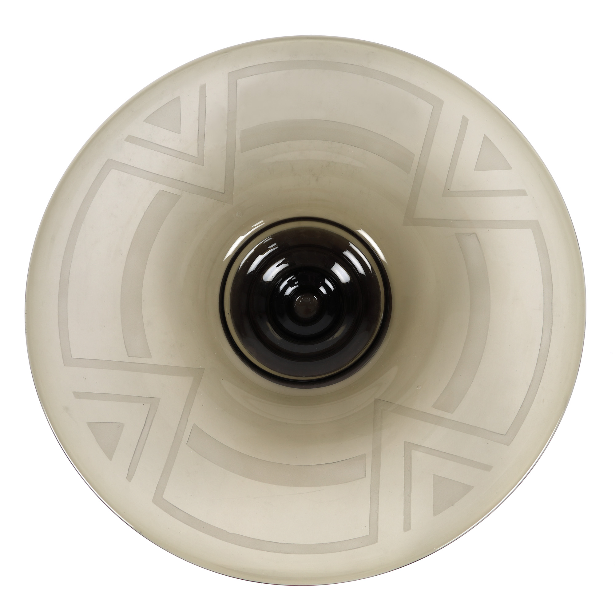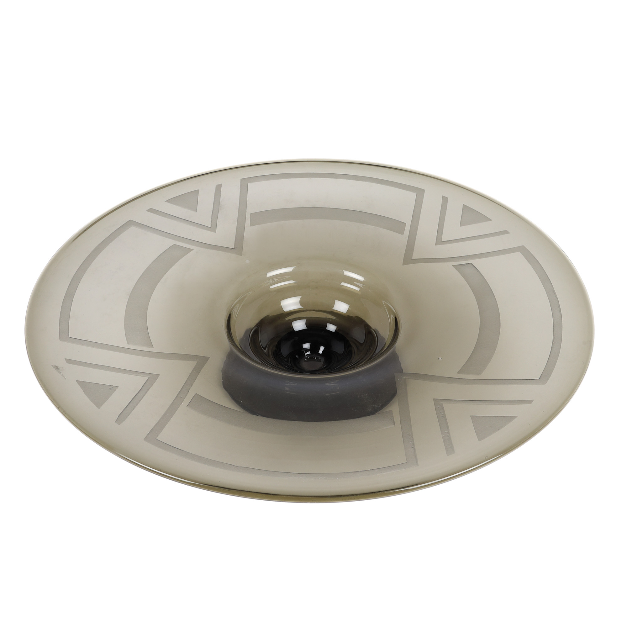 132. Fructieră André Delatte cu picior, în stil Art Deco, din cristal fumuriu, cca. 1920-1930
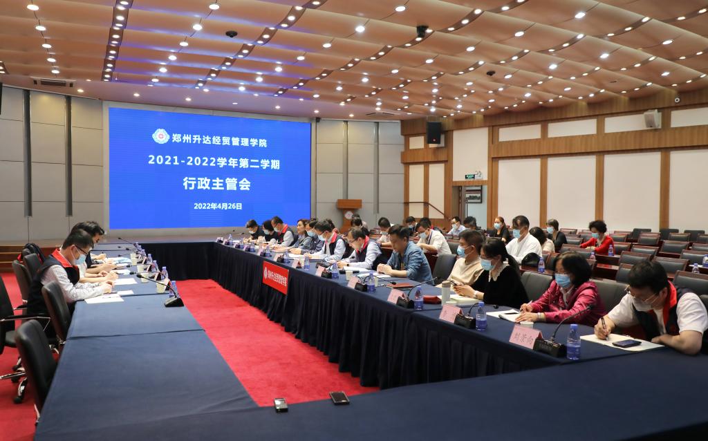4月26日下午,我校在行政楼国际会议厅召开2021-2022学年第二学期第二次行政主管会。执行董事王新奇,校长张欣,副校长、工会主席张金安,副校长兼教务长吴益民,副校长兼总务长张其武和各职能部门主管,各二级学院院长参加了会议,名誉校长郭爱先因公务在外未出席会议,会议由张欣主持。
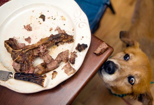 چربی های پخته و یا نپخته باقی مانده از گوشت غذا می تواند منجر به التهاب پانکراس در سگ ها شود. و بسیاری از استخوان ها نیز می توانند در هنگام خرد شدن توسط سگ در دهان و لثه و یا حتی مری زخم ایجاد کنند و یا منجر به انسداد مری شوند. هرگز در غذای سگ از استخوان مرغ (گردن، بال، ران و ..) استفاده نکنید و در صورت استفاده از استخوان قلم گوسفند هنگام خوردن مراقب سگ باشید و زمانی که نزدیک سگ نیستید اینگونه استخاون ها را در اختیارش قرار ندهید. به جای استفاده از استخوان می توانید از خوراکی های جویدنی مخصوص استفاده کنید که بی خطر بوده و حاوی مواد مغذی نیز هستند.
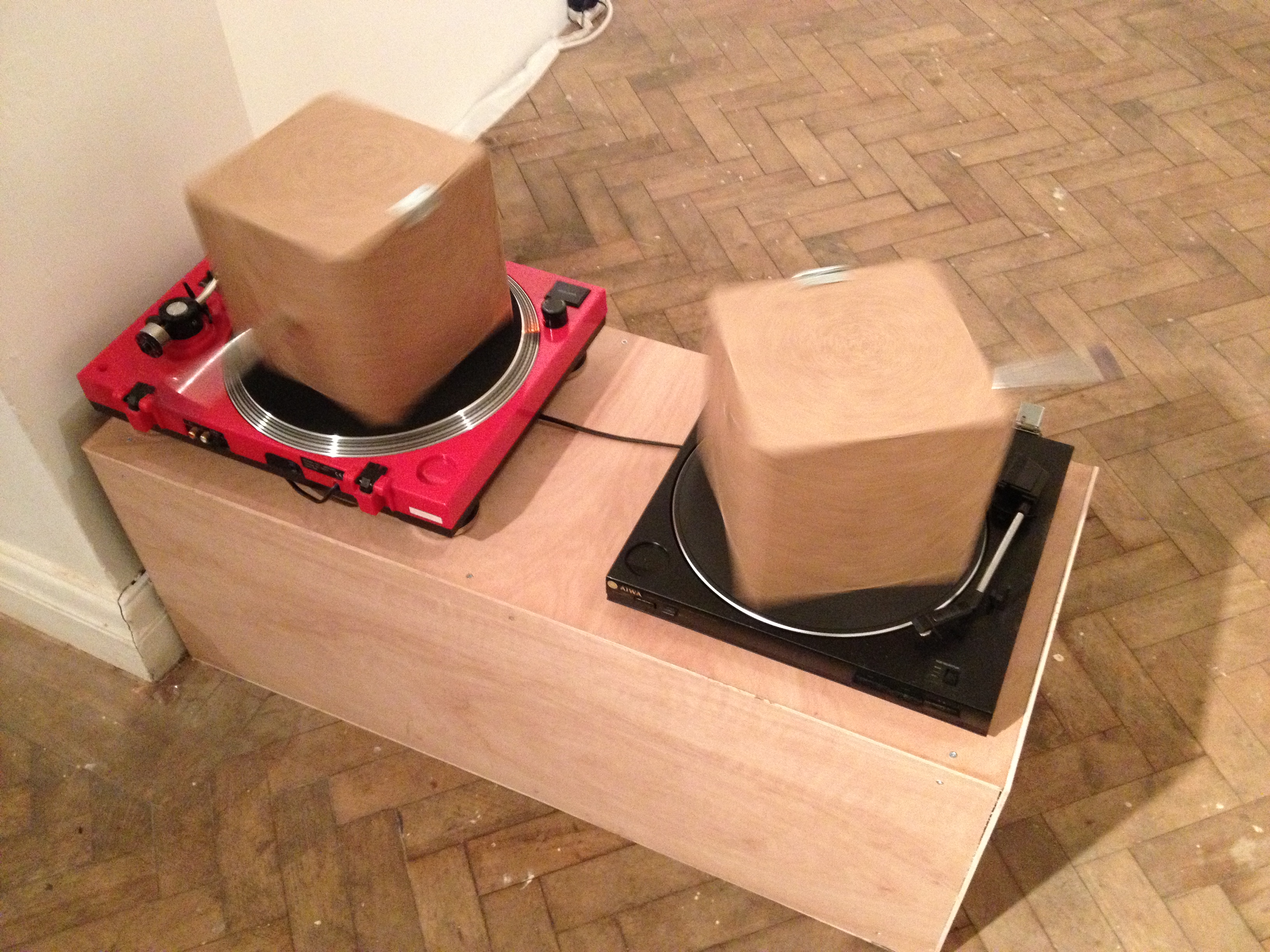 ‘Remembrance’ is a kinetic sound sculpture that is intended as a meditation on memory and the imperfections of the human process of remembering. A tape head, extracted from a cassette walkman, intermittently comes into contact with strands of cassette tape as two turntables rotate. The tape – cut-up from charity shop cassettes – carries music that was, in the past, experienced lucidly by its previous owners, yet in the present exists only fragmented, imperfect and periodic.
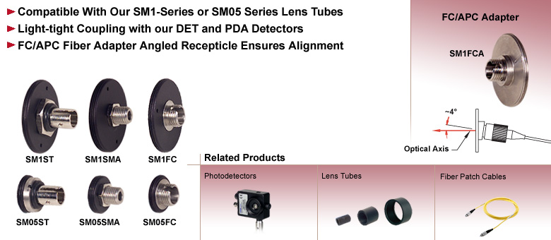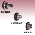 Thorlabs的SM系列光纤适配器可将FC、SMA和ST连接器的光纤与我们的SM05和SM1系列透镜套筒及安装座集成。
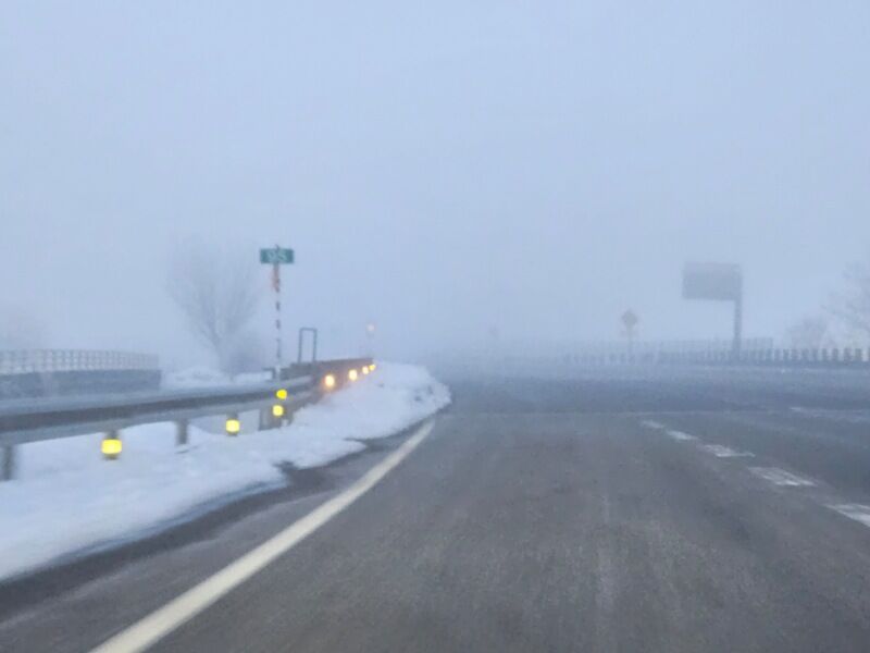 途中の東北中央道ではようやく空が明るくなってきましたが、こんな霧深い中を走ってました。
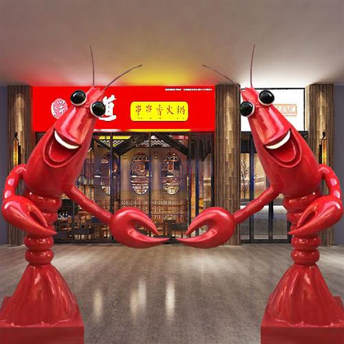 龙虾雕塑玻璃钢大型卡通小龙虾酒店门迎宾海鲜馆装饰龙虾模型定制
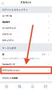 アカウント設定一覧から「アプリとセッション」を選択してタップします。
----
§ **WHAT YOU SHOULD DO**: Transcribe every line of the data exactly. No pictures go in the copy.

§ **WRITTEN REPLY**:
 132. Fructieră André Delatte cu picior, în stil Art Deco, din cristal fumuriu, cca. 1920-1930
4月26日下午,我校在行政楼国际会议厅召开2021-2022学年第二学期第二次行政主管会。执行董事王新奇,校长张欣,副校长、工会主席张金安,副校长兼教务长吴益民,副校长兼总务长张其武和各职能部门主管,各二级学院院长参加了会议,名誉校长郭爱先因公务在外未出席会议,会议由张欣主持。
 چربی های پخته و یا نپخته باقی مانده از گوشت غذا می تواند منجر به التهاب پانکراس در سگ ها شود. و بسیاری از استخوان ها نیز می توانند در هنگام خرد شدن توسط سگ در دهان و لثه و یا حتی مری زخم ایجاد کنند و یا منجر به انسداد مری شوند. هرگز در غذای سگ از استخوان مرغ (گردن، بال، ران و ..) استفاده نکنید و در صورت استفاده از استخوان قلم گوسفند هنگام خوردن مراقب سگ باشید و زمانی که نزدیک سگ نیستید اینگونه استخاون ها را در اختیارش قرار ندهید. به جای استفاده از استخوان می توانید از خوراکی های جویدنی مخصوص استفاده کنید که بی خطر بوده و حاوی مواد مغذی نیز هستند.
 ‘Remembrance’ is a kinetic sound sculpture that is intended as a meditation on memory and the imperfections of the human process of remembering. A tape head, extracted from a cassette walkman, intermittently comes into contact with strands of cassette tape as two turntables rotate. The tape – cut-up from charity shop cassettes – carries music that was, in the past, experienced lucidly by its previous owners, yet in the present exists only fragmented, imperfect and periodic.
 Thorlabs的SM系列光纤适配器可将FC、SMA和ST连接器的光纤与我们的SM05和SM1系列透镜套筒及安装座集成。
 途中の東北中央道ではようやく空が明るくなってきましたが、こんな霧深い中を走ってました。
 龙虾雕塑玻璃钢大型卡通小龙虾酒店门迎宾海鲜馆装饰龙虾模型定制
 アカウント設定一覧から「アプリとセッション」を選択してタップします。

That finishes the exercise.